━━━ Data ━━━

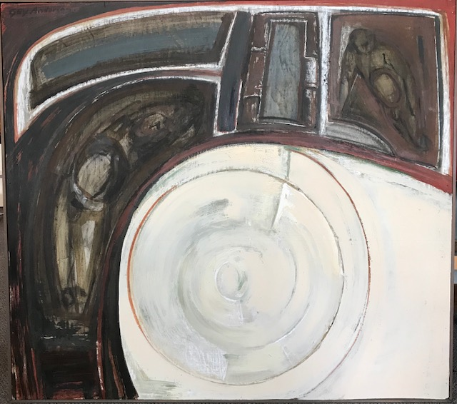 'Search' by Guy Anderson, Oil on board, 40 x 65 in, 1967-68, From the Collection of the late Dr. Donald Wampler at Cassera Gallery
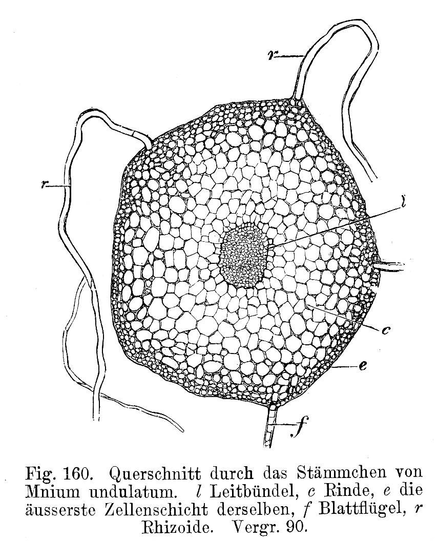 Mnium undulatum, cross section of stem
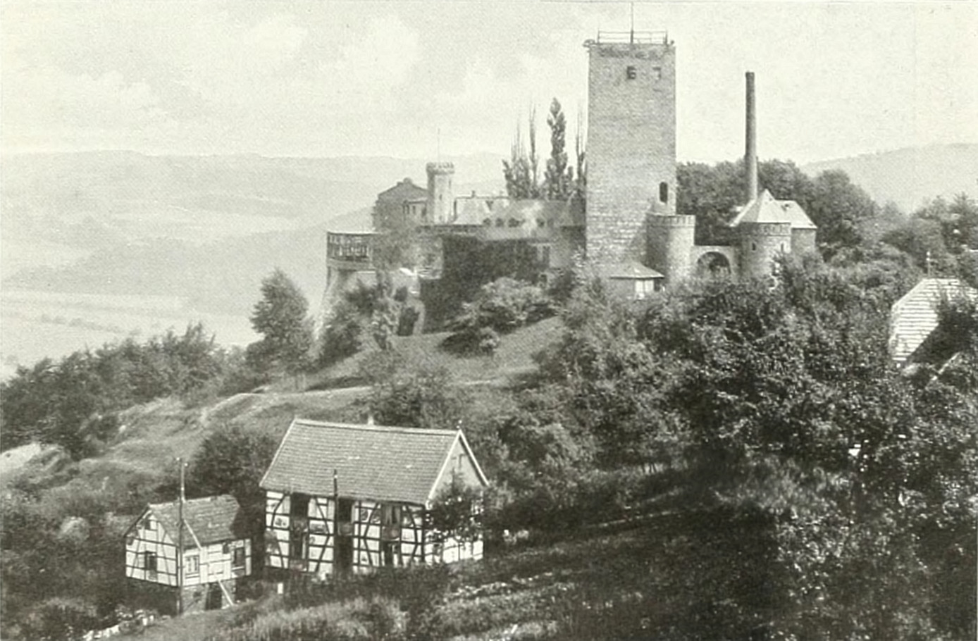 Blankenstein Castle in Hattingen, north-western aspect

━━━

Word for word, return the material above; the pictures stay out.

 'Search' by Guy Anderson, Oil on board, 40 x 65 in, 1967-68, From the Collection of the late Dr. Donald Wampler at Cassera Gallery
 Mnium undulatum, cross section of stem
 Blankenstein Castle in Hattingen, north-western aspect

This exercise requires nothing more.